Car sales tumble to 10-year low on poor demand, higher ownership and running cost
Moneylife Digital Team 10 November 2011

Further increase in petrol prices and levy of an additional duty on diesel vehicle would negatively impact passenger vehicle demand in the short term

The festive season between Dussehra and Diwali on which the automobile industry has very high hopes turned out to be lacklustre, especially for the passenger car segment. Domestic car sales in October witnessed their steepest monthly decline in the past 10 years due to challenging demand environment, higher cost of ownership and running cost caused by inflation and increased fuel prices.

Vishnu Mathur, director general of the Society of Indian Automobile Manufacturers (SIAM) said, “The reason for the fall is mainly due to the high interest rates and high fuel prices and also a big drop (in output) by Maruti Suzuki.”

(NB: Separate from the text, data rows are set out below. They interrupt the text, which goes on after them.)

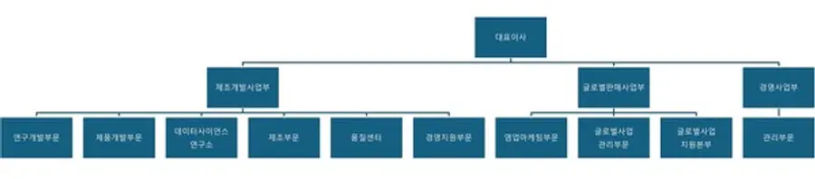 대표이사 아래 제조개발사업부와 글로벌판매사업부, 경영사업부가 편제돼 있다.
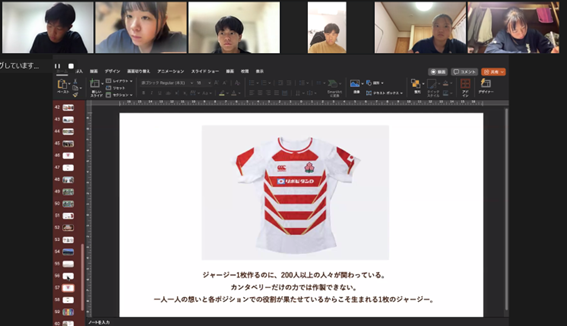 二人目の講師は、株式会社ゴールドウイン カンタベリー事業部デザイナーの森岡早紀さん。カンタベリーと言えば、選手やファンにとって、最も身近なラグビーのウエア。森岡さんは同社製品に関わる全てのマーケティングを担当しています。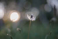 close up van een pluisbol, een uitgebloeide paardenbloem, in het gouden licht van de opkomende zon.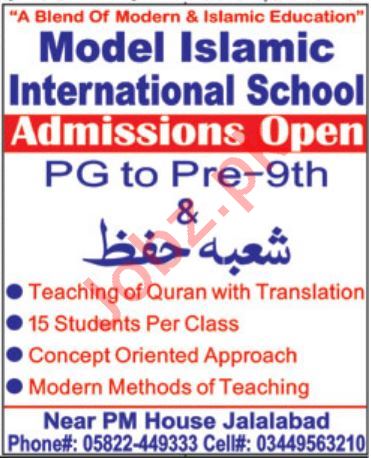 Model Islamic International School , A Nlend of Modern & Islamic Education invites applications fro admissions for Play Group to 9th Class and Hifz ul Quran in Jalalabad Muzaffarabad AJ&K. Read newspaper ad for exact details.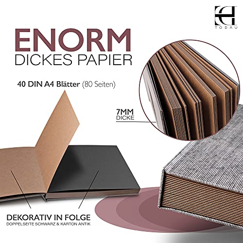 📒 EXTREM DICKES PAPIER – Mit besonders dicken Seiten bietet dir unser Fotobuch zum Selbstgestalten eine lange Haltbarkeit. Das 7mm dicke Kraftpapier im DIN A4 Format kann ohne durchzudrücken mit Filz-, Gel- oder Buntstiften gestaltet werden!

Despite the steepest fall in October, many brokerages believe that the auto industry would register moderate volume growth during FY11-12 due to low penetration levels and increase in per capita incomes. "With interest rate tightening cycle nearing its end, we expect interest rate sensitive segments like passenger cars and medium and heavy commercial vehicles (M&HCVs) to get some reprieve. This, coupled with softening of commodity prices, would result in stable cost of ownership. However, further increase in petrol prices and levy of an additional duty on diesel vehicles would negatively impact passenger vehicle demand in the short-term. Also, competitive intensity is also set to remain high in all the segments,” said Motilal Oswal Securities in a research report. According to the SIAM report, during October, domestic passenger car sales fell 23.8% to 1.38 lakh units compared with 1.81 lakh units in the same month last year. This is the second steepest fall in the monthly sales of passenger cars. Earlier, in December 2000, car sales fell by nearly 40%, compared with a year ago period.

During October 2011, Maruti Suzuki, India's largest carmaker, reported a steep fall of 53.2% to 55,595 units, mainly due to disruption of production at its Manesar and Gurgaon facilities. The labour strike at these plants resulted in production loss of around 40,000 units during the month and the company expects to reach normal level of production from January next year. However, even after adjusting for production loss, Maruti Suzuki's October sales were down 20% year-on-year (y-o-y) and 16% month-on-month (m-o-m).

In the passenger car segment, Tata Motors, the country's largest vehicle maker, registered marginal 2.3% growth on a y-o-y basis but on a m-o-m basis, sales fell by 4.6%. Largely sales of Nano (up 26.2% yoy) and utility vehicles (22.8% yoy) volumes led the growth. Indigo sales, however, continued the disappointing run, declining by 24.4% y-o-y during the quarter.

Edelweiss, in a research note said, "Post the festival season sales, growth has declined for all car makers. Companies with strong diesel models or with new launches have outperformed the industry. Bookings beyond the festival season do not provide any encouraging signs either."

During the festive season the bells and whistles were missing for the passenger vehicle industry. "The high fuel prices and interest rates deterred customers. With demand strong only for diesel variants, the industry has resorted to heavy discounting for selling petrol models," said Financial Securities or PINC in a research report.

Following continues rate hikes by the Reserve Bank of India since March 2010, the interest rates are also reached new levels. Last month the RBI increased repo and reverse repo rates by 25 basis points (bps), its 13th hike since March last year. This has resulted in the interest rates increasing by 525 bps over the last 18 months. At present, interest rates on car loans are hovering around 12%-16%.

However, despite the RBI's tightening measures so far, the country's headline inflation was 9.72% in September, the 10th straight month where it has remained above 9%.

"With a lacklustre festive season gone by, the passenger vehicle segment would find going tough in the coming months. Although the two-wheeler industry is on a better wicket, growth would be subdued due to the high base," added PINC.

sandeep kugaji
1 decade ago
It is good. Keep posting these type of things. Thanks
1 decade ago
Good analysis, thanks, and relevant too.

Another big reason is that more and more corporates are removing the "must own a car to claim fuel allowance" clause from their terms and conditions. In addition, the very rapid scale-up of public transport, from trains/metros to better buses to radio taxiis, in many parts of the country, contributes to the decision on now buying a new car or replacing an older one.

And finally, the price of new cars is still too high when compared to what it should be. Manufacturer margins as well as royalties being paid to parent companies abroad still leave enough space for prices to be brought down, by some accounts at least 20% and up to 30%, and the consumer knows this, is waiting for this correction.

SIAM can keep asking for sops from the Government, but the truth is that the manufacturers expect to continue working at high margins - which has to stop.